DIRECTIONS:
Reproduce the listing word for word. Skip any image.

DATA PROVIDED:

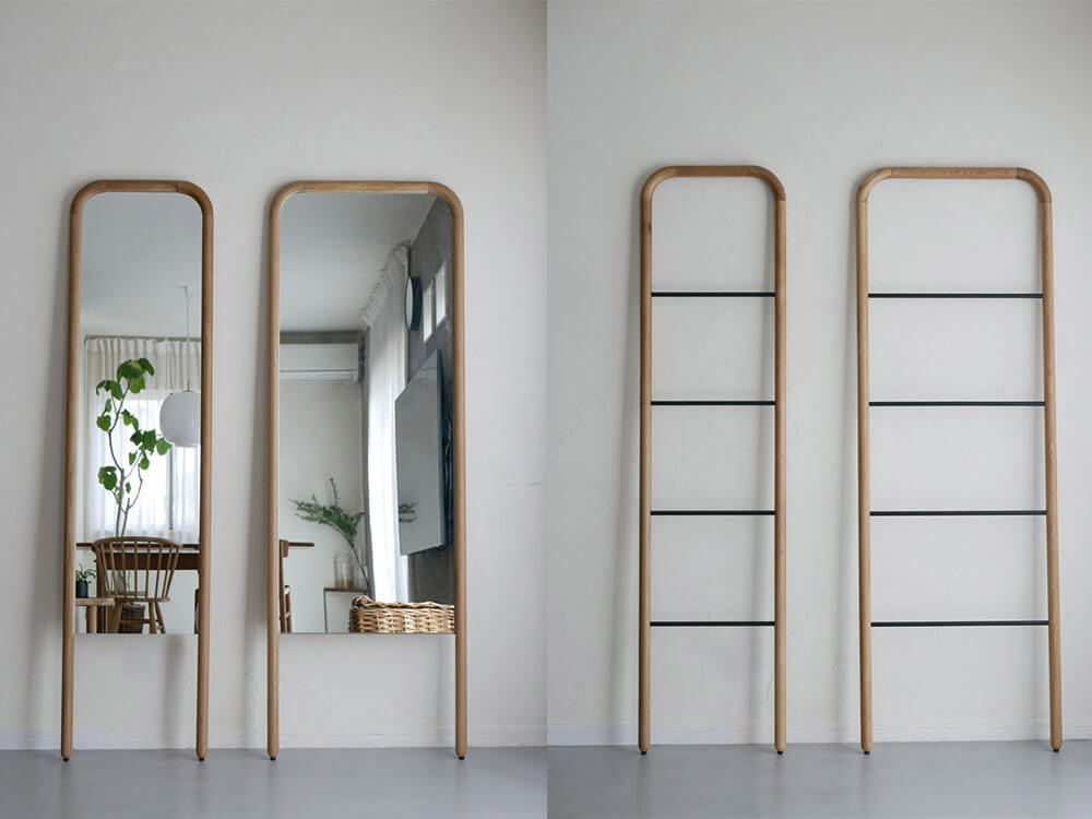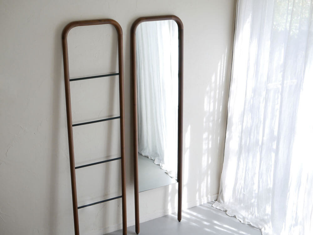空間を広く明るくさせる姿見、収納性もありしゃれ感のあるラダーハンガーを置くだけで部屋にリズム感が生まれ、思っている以上の何かを部屋に添えてくれます。
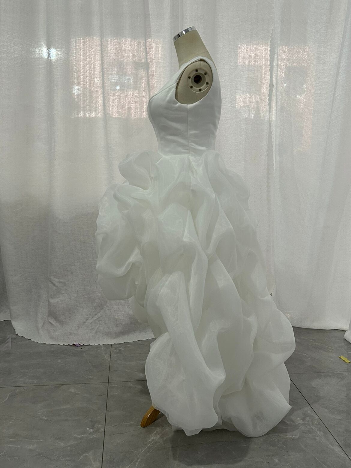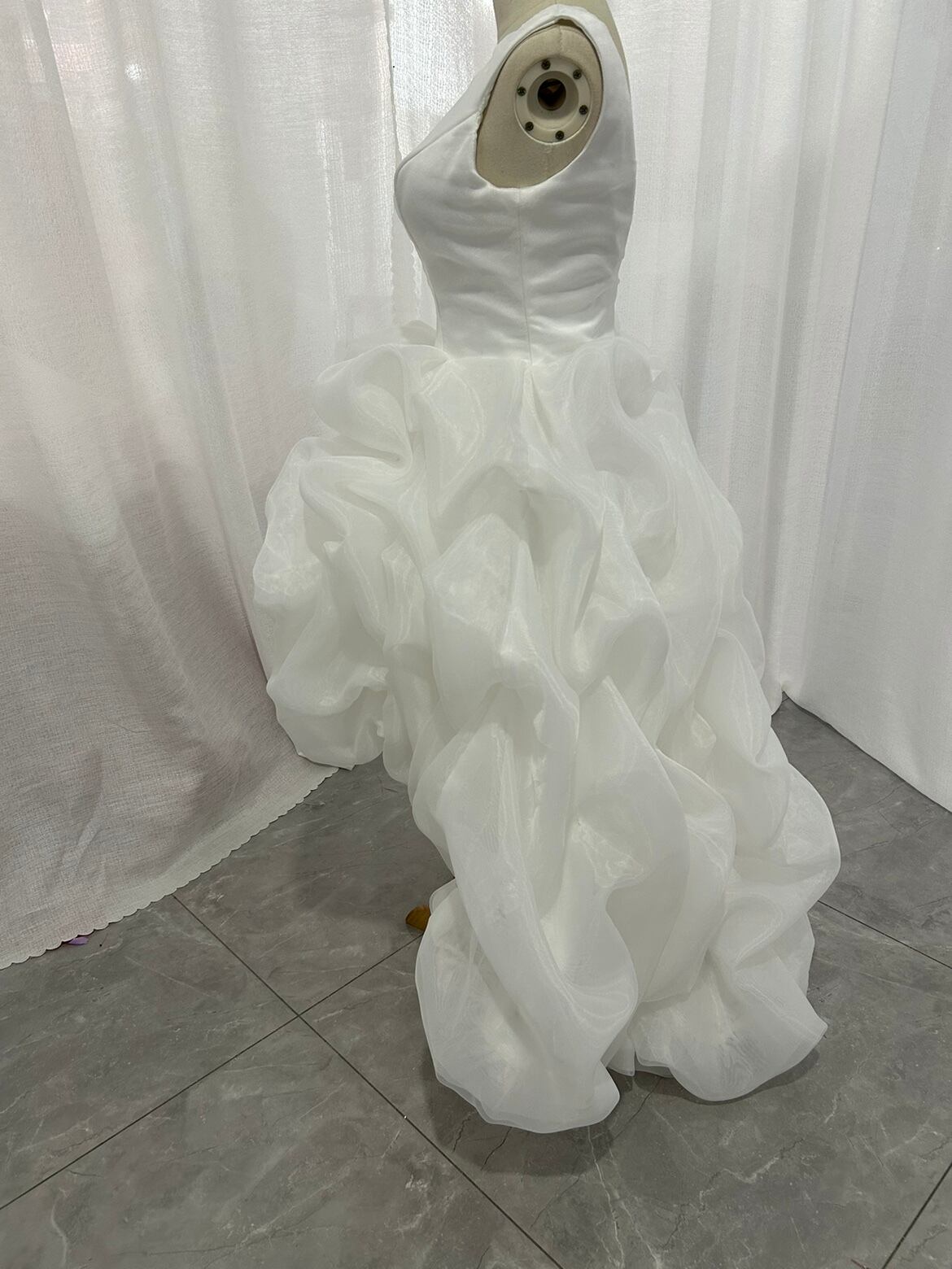 新作!ウエディングドレス フィッシュテール ふわふわバルーンスカート ボリュームドレス ノースリーブ
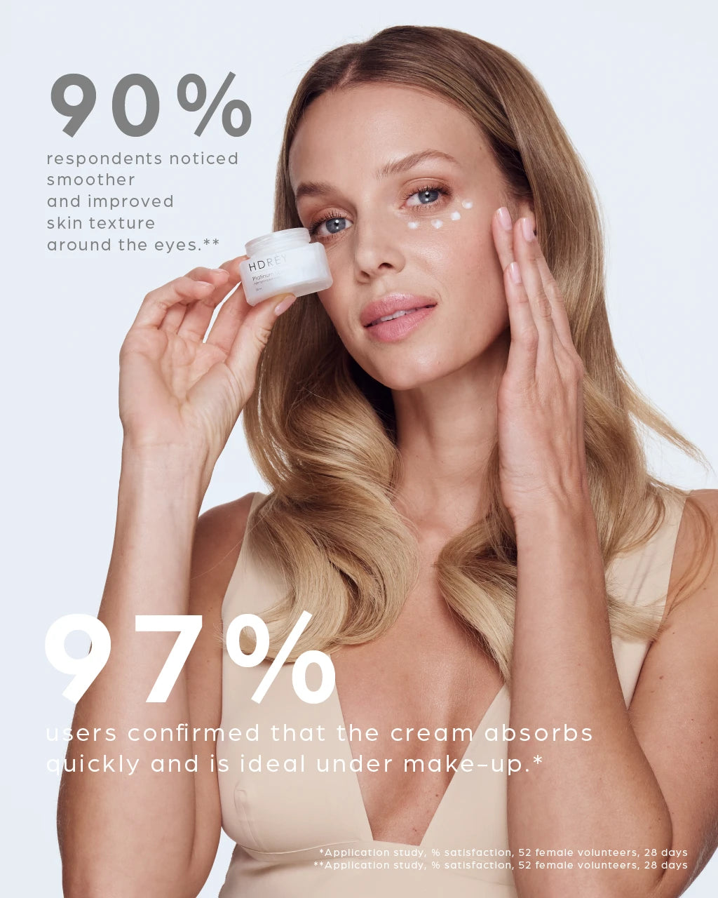 Apply a small amount of cream to the skin around the eyes in the morning and
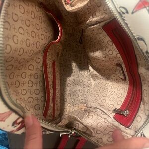 Guess backpack with bold star graphics. Features black and red accents on a white canvas. Minor imperfection on front flap shown in pictures.
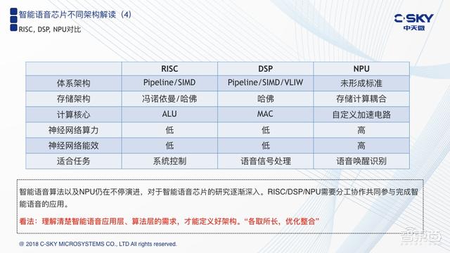 另外还有一家是北京的云知声。云知声最近也一直在做市场的推广,让更多的人知道他有一颗“雨燕”芯片,里面也是由一个CPU+DSP+自定义的NPU的架构。因此,从2018年开始,有更多企业开始认真地深入地去思考智能语音。这也就是前面我讲到的那几个点,由于它里面会涉及到人工智能的一些算法,而NPU被引入进来弥补CPU或者DSP在神经网络计算方面算力不足和能效比较低的缺点,我相信这也会逐渐成为未来的趋势。其实NPU技术在图像类和视觉类很早就已经被应用起来了,但是应用在智能语音是2018年才起来。
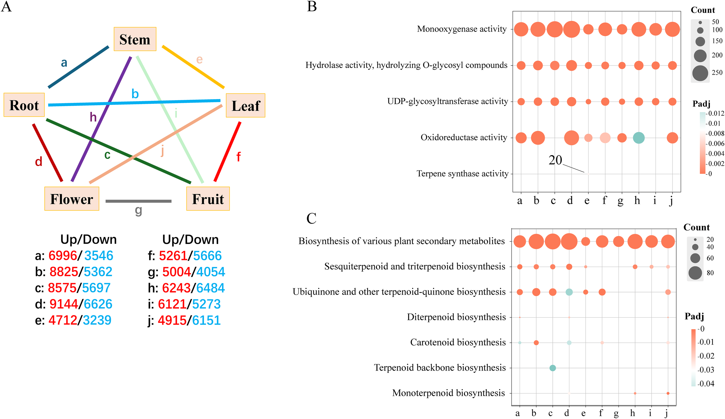 GO and KEGG enrichment analysis. (A) DEG group comparison of pentagram charts. This section covers the analysis of pairwise comparative combinations of 5 tissues: a: Root and Stem; b: Root and Leaf; c: Fruit and Root; d: Flower and Root; e: Stem and Leaf; f: Leaf and Fruit; g: Flowers and Fruit; h: Flower and Stem; i: Stem and Fruit; j: Flower and Leaf. The red and blue numbers indicate the number of DEGs up-regulated and down-regulated, respectively. (B, C) Bubble maps were used for GO and KEGG enrichment analysis of up-regulated genes.
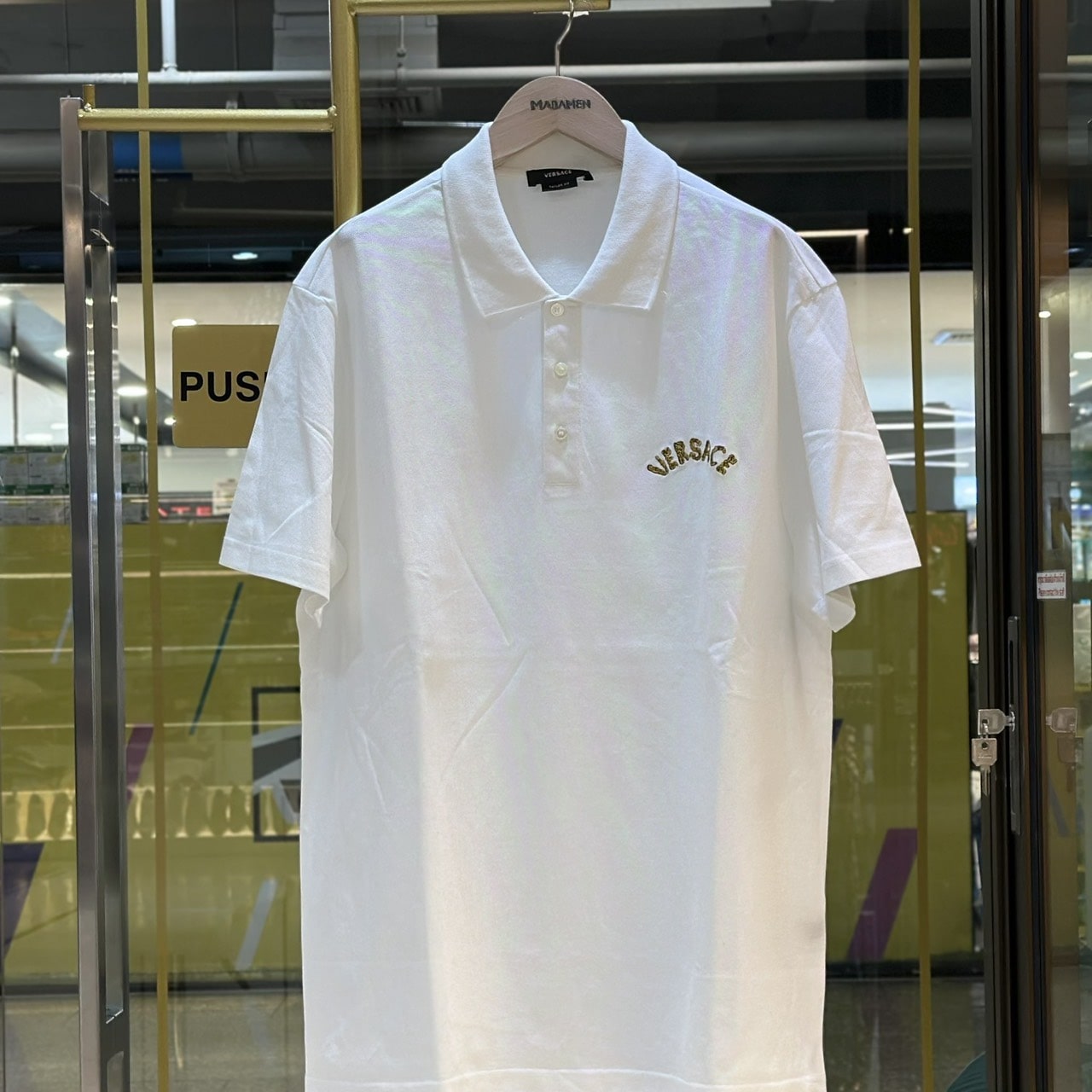 เสื้อยืดคอปกโปโล จากแบรนด์ Versace สำหรับผู้ชาย พิมพ์ชื่อแบรนด์แบบโค้งบนอกเสื้อ
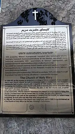During and after the Armenian genocide in the Ottoman Empire and the loss of their homelands about 50,000 Armenians found refuge in Iran. After the Sovietization of Armenia in 1920 and the purges under Joseph Stalin, more refugees from Armenia crossed the border to Iran, among them Nikolai Lauri from Nagorno-Karabakh, the architect of the church. So the number of Armenians – in their majority members of the Armenian Apostolic Church – in the Iranian capital increased significantly and the need to build a new church arose. On 17 April 1937, a meeting was held with the presence of Armenian architects, and Nikolai Lauri was asked to present a plan to build a church based on a budget of 60,000 tomans. However, Nikolai Lauri died in 1939, and the plan was realized by Nikolai Markov. Roman Isayan (called Isayev in Russia) financed the construction of the church, which cost 100,000 tomans. Construction works began on 17 April 1938 with the participation of a large number of Armenians and clergy of the churches in Tehran. The church was completed in 1938 and christened in 1945 by Karekin I, Catholicos of Cilicia, as the Church of Holy Mary.[1][2][3][4]
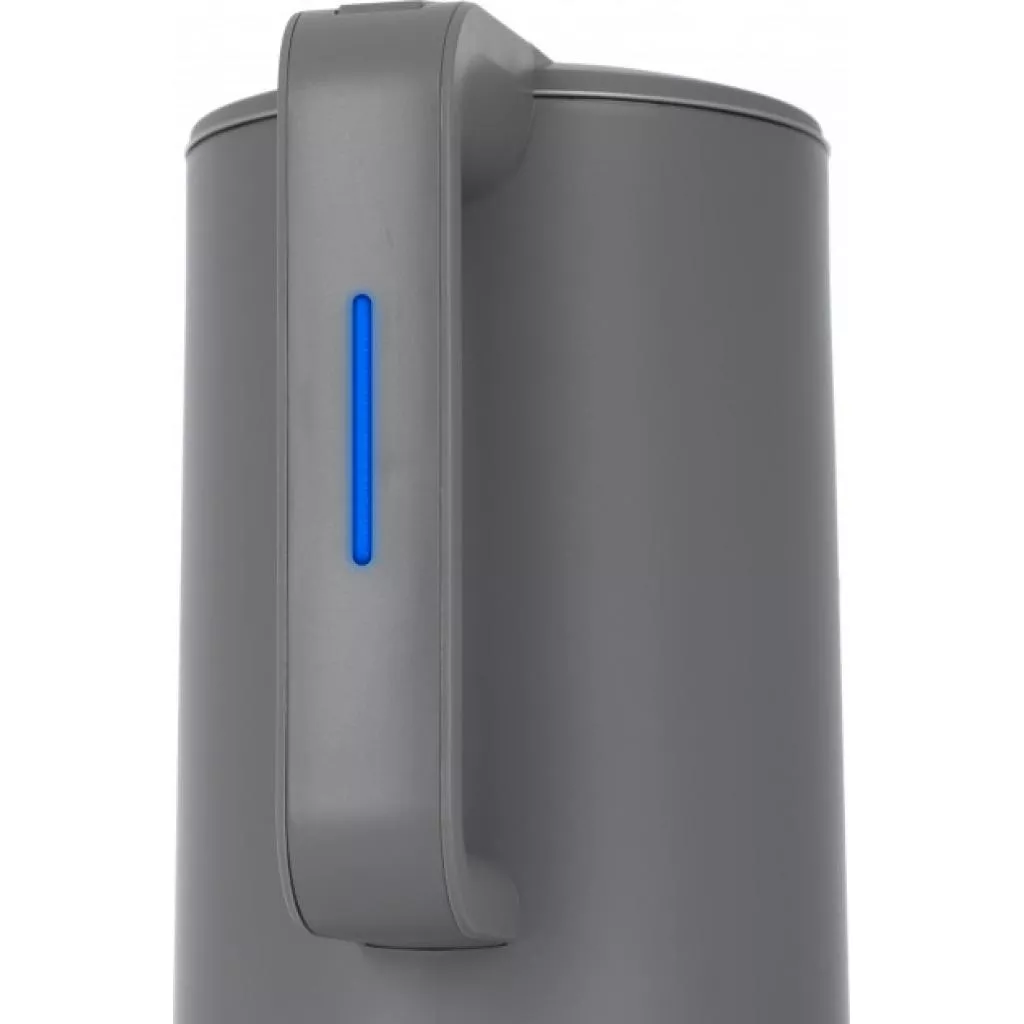 На рукоятке расположен световой индикатор: он горит ярким синим цветом, когда чайник находится в активной стадии работы. Так вы сможете контролировать его подключение к сети и понимать, что идет нагрев.

EXERCISE OUTPUT:
空間を広く明るくさせる姿見、収納性もありしゃれ感のあるラダーハンガーを置くだけで部屋にリズム感が生まれ、思っている以上の何かを部屋に添えてくれます。
 新作!ウエディングドレス フィッシュテール ふわふわバルーンスカート ボリュームドレス ノースリーブ
 Apply a small amount of cream to the skin around the eyes in the morning and
 Guess backpack with bold star graphics. Features black and red accents on a white canvas. Minor imperfection on front flap shown in pictures.
 另外还有一家是北京的云知声。云知声最近也一直在做市场的推广,让更多的人知道他有一颗“雨燕”芯片,里面也是由一个CPU+DSP+自定义的NPU的架构。因此,从2018年开始,有更多企业开始认真地深入地去思考智能语音。这也就是前面我讲到的那几个点,由于它里面会涉及到人工智能的一些算法,而NPU被引入进来弥补CPU或者DSP在神经网络计算方面算力不足和能效比较低的缺点,我相信这也会逐渐成为未来的趋势。其实NPU技术在图像类和视觉类很早就已经被应用起来了,但是应用在智能语音是2018年才起来。
 GO and KEGG enrichment analysis. (A) DEG group comparison of pentagram charts. This section covers the analysis of pairwise comparative combinations of 5 tissues: a: Root and Stem; b: Root and Leaf; c: Fruit and Root; d: Flower and Root; e: Stem and Leaf; f: Leaf and Fruit; g: Flowers and Fruit; h: Flower and Stem; i: Stem and Fruit; j: Flower and Leaf. The red and blue numbers indicate the number of DEGs up-regulated and down-regulated, respectively. (B, C) Bubble maps were used for GO and KEGG enrichment analysis of up-regulated genes.
 เสื้อยืดคอปกโปโล จากแบรนด์ Versace สำหรับผู้ชาย พิมพ์ชื่อแบรนด์แบบโค้งบนอกเสื้อ
During and after the Armenian genocide in the Ottoman Empire and the loss of their homelands about 50,000 Armenians found refuge in Iran. After the Sovietization of Armenia in 1920 and the purges under Joseph Stalin, more refugees from Armenia crossed the border to Iran, among them Nikolai Lauri from Nagorno-Karabakh, the architect of the church. So the number of Armenians – in their majority members of the Armenian Apostolic Church – in the Iranian capital increased significantly and the need to build a new church arose. On 17 April 1937, a meeting was held with the presence of Armenian architects, and Nikolai Lauri was asked to present a plan to build a church based on a budget of 60,000 tomans. However, Nikolai Lauri died in 1939, and the plan was realized by Nikolai Markov. Roman Isayan (called Isayev in Russia) financed the construction of the church, which cost 100,000 tomans. Construction works began on 17 April 1938 with the participation of a large number of Armenians and clergy of the churches in Tehran. The church was completed in 1938 and christened in 1945 by Karekin I, Catholicos of Cilicia, as the Church of Holy Mary.[1][2][3][4]
 На рукоятке расположен световой индикатор: он горит ярким синим цветом, когда чайник находится в активной стадии работы. Так вы сможете контролировать его подключение к сети и понимать, что идет нагрев.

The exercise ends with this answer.